Так рождалось «произведение искусства, понимаемое динамически», задача которого «есть процесс становления образов в чувстве и разуме зрителя» (Эйзенштейн)29. Все это дает основание утверждать, что в творчестве Чехова кинематографическое начало стало ведущим и осуществлялось оно без «разрушения и разложения самих основ» реалистического искусства.
Однако киногеничность чеховских произведений не означает, что они легко поддаются переводу на экран. Конечно, после «Дамы с собачкой», «Дяди Вани» и «Неоконченной пьесы для механического пианино» о Чехове не скажешь того, что сказал Эйзенштейн о Пушкине: «не для кино»30, и тем не менее при переводе прозы Чехова на язык кино интерпретатора ожидает немало трудностей. Эти трудности не в последнюю очередь связаны с такими важнейшими составляющими его поэтики, как пейзаж и портрет.
Новизна чеховской поэтики — в силе ее воздействия на читателя, которого писатель «оформляет... в желаемой направленности (настроенности)»31. В цитированном уже письме брату (10 мая 1886 г.) Чехов подчеркивал: «В описаниях природы надо хвататься за мелкие частности, группируя их таким образом, чтобы по прочтении, когда закроешь глаза, давалась картина». Самобытность Чехова в описаниях природы ощущалась даже в сравнении с такими мастерами русской прозы, как Гончаров, Тургенев, Толстой.
Обычно при характеристике чеховского пейзажа обращают внимание на лаконизм его («описания природы должны быть весьма кратки... общие места надо бросить») и импрессионизм. Действительно, пейзаж у Чехова чаще всего дается глазами героев, и поэтому характер его зачастую определяется их настроением и состоянием.

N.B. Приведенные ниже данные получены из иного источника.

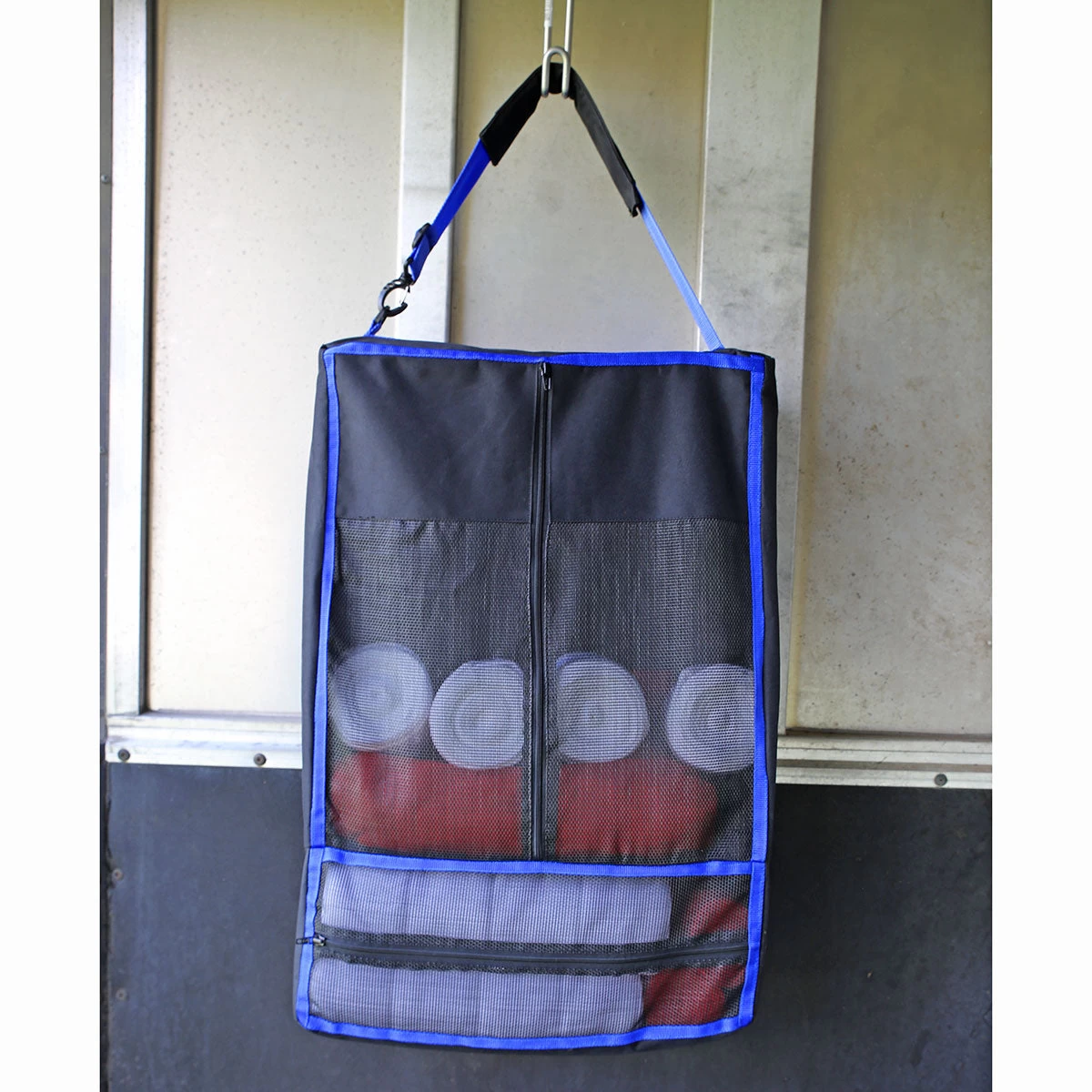 Large Bandage and Quilt Bag for hanging with 3 nylon loops or for traveling to shows with adjustable padded shoulder strap. Durable 600D nylon, PVC coated flexible mesh front with plenty of space for all your leg wraps, bandages, polos, sheet cotton and more.
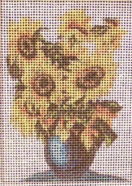 7 x 10 cm. Szimplaszálas, fehér tűgobelinre festett gobelin fonal nélkül. 72 öltés / 10 cm.

На пароходе в начале сближения Ольги Ивановны и Рябовского («Попрыгунья») вода в реке «бирюзового цвета», «какого она раньше никогда не видела», «небо, берега, черные тени» объединяются с «безотчетной радостью, наполнявшей ее душу». А через месяц, когда путешествие утомило Ольгу Ивановну, «Волга уже была без блеска, тусклая, матовая, холодная на вид», «и вороны летали около Волги и дразнились: «Голая! Голая» Когда Петр Михайлович Ивашин («Соседи») едет объясняться к соседу Власичу (к нему ушла его сестра Зина), «старые березы», стоящие «по обе стороны дороги», «были так же печальны и несчастны на вид, как их хозяин Власич, так же были тощи и высоко вытянулись, как он». По возвращении же от Власича и сестры, после примирения, — «было тихо, тепло и чудесно пахло сеном, на небе меж облаков ярко горели звезды. Старый сад Власича... спал, окутавшись в потемки, и почему-то было грустно проезжать через него».
Но функции пейзажа у Чехова многозначны. Да, с одной стороны, он выполняет роль психологическую — в таком случае он дается глазами героя и образуется из деталей, замеченных этим героем в зависимости от настроения: «луна светила так ярко, что можно было разглядеть на земле каждую соломинку» («Три года») или «увядшие цветы» на кладбище ночью («Ионыч»). Эти описания природы строятся по схеме, о которой писатель сообщал в письме брату (10 мая 1886 г.) и которая впервые нашла свое выражение в рассказе «Волк»: «Например, у тебя получится лунная ночь, если ты напишешь, что на мельничной плотине яркой звездочкой мелькало стеклышко от разбитой бутылки и покатилась шаром тень собаки или волка и т. д.» Это «смело накладываемые тени» (Л. Толстой)32 — темная полоса леса и белое пятно собаки («У знакомых»), черные тени на воде («Попрыгунья»), пруд с отраженными звездами, светящиеся кресты и стволы деревьев («Дом с мезонином»), яркий лунный свет и темные тени на земле («Невеста»).
Наряду с функцией психологической, пейзаж в мире Чехова — космос, символ «высших и отдаленных целей». Описания природы подобного рода очищены от всего вещного и необычайно лиричны. Таковы ночь в «Степи», рассвет в «Даме с собачкой» и в «Студенте» и т. д. Их роль близка к роли лирических отступлений у Пушкина («Евгений Онегин») или у Гоголя («Мертвые души»), с той только особенностью, что авторское «я» упрятано в подтекст.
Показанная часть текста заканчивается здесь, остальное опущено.